I'm new in FreeBSD. I'm doing my first installation with the help of the handbook. After install I've logged in as 'root' and invoked *sysinstall* to perform some post-install, just for training. I've done some configurations in 'Networking' with no problem. Then I went to 'Console' and after changing 'ScreenSaver', its 'timeout' and exited from sysinstall I've noticed that the new settings were not activated. Only after I restart the system.

Is it necessary to commit the new settings? If yes, how can I do it?

Thanks in advance!


----------



## fonz (Mar 18, 2012)

tonynasc said:
			
		

> I've noticed that the new
> settings were not activated. Only after I restart the system.


Sysinstall makes changes to /etc/rc.conf. This file is normally read when the system boots, so indeed the changes don't take immediate effect.
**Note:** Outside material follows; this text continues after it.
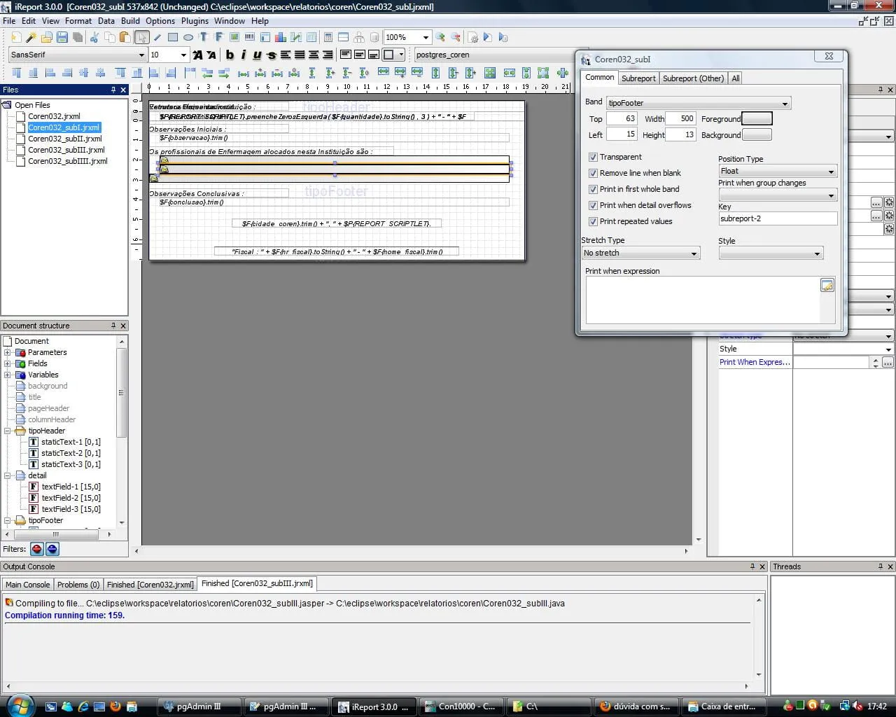 tenho um relatório no ireport que na metade da página para baixo eu chamo um subrelatório, de tamanho indefinido de linhas
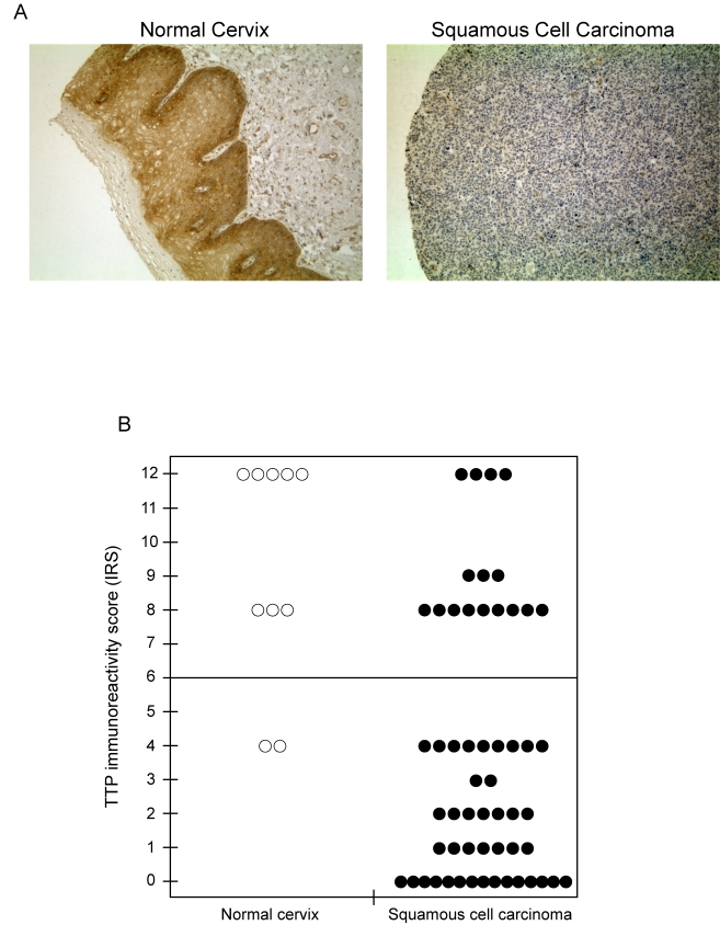 Based on its ability to target E6-AP mRNA for rapid decay, these results suggested that the presence of TTP would be inhibitory to HPV-mediated tumorigenesis and loss of TTP would be observed in cervical cancer. To test this, TTP expression was evaluated by immunohistochemistry using human tissue arrays containing cervical tissue sections from both normal and squamous cell carcinoma (Figure 8A). In normal cervical tissue (left panel) strong cytoplasmic staining of TTP was observed in the cells of squamous epithelium, whereas TTP immunoreactivity was negative or substantially decreased in tissue sections from squamous cell carcinomas (right panel). Tissue sections were assigned immunoreactivity scores (IRS) and grouped as low IRS of 0 to 6 or high IRS of 7 to 12 (Figure 8B). In normal tissue, TTP immuno-reactivity was high (median IRS of 10) in 8 of 10 (80%) samples, while expression was significantly lower (median IRS of 2) in 40 of 56 squamous cell carcinoma samples (71%, P < 0.001). These results are consistent with recent findings demonstrating elevated TTP mRNA levels to be present in normal cervix tissue [36] and suggest that loss of TTP expression in cervical cancer cells allows for aberrant mRNA stabilization and enhanced expression of E6-AP.

Some of such changes can be "forced" without a reboot by running the appropriate script in /etc/rc.d/, but if you have to manually restart several services that way it's usually easier to just reboot.

Fonz


----------



## tonynasc (Mar 18, 2012)

Many Thanks!


----------



## wblock@ (Mar 18, 2012)

sysinstall just changes the on-disk settings.  It generally does not start or stop services or load modules.  If you want those changes to take effect immediately, those services have to be restarted manually.  The console screen savers are kernel modules that can be kldload(8)ed, and the settings are in /etc/rc.conf.

Also, sysinstall is obsolete and will eventually be removed.  The new installer is bsdinstall(8), and there is a new chapter in the Handbook covering it.


----------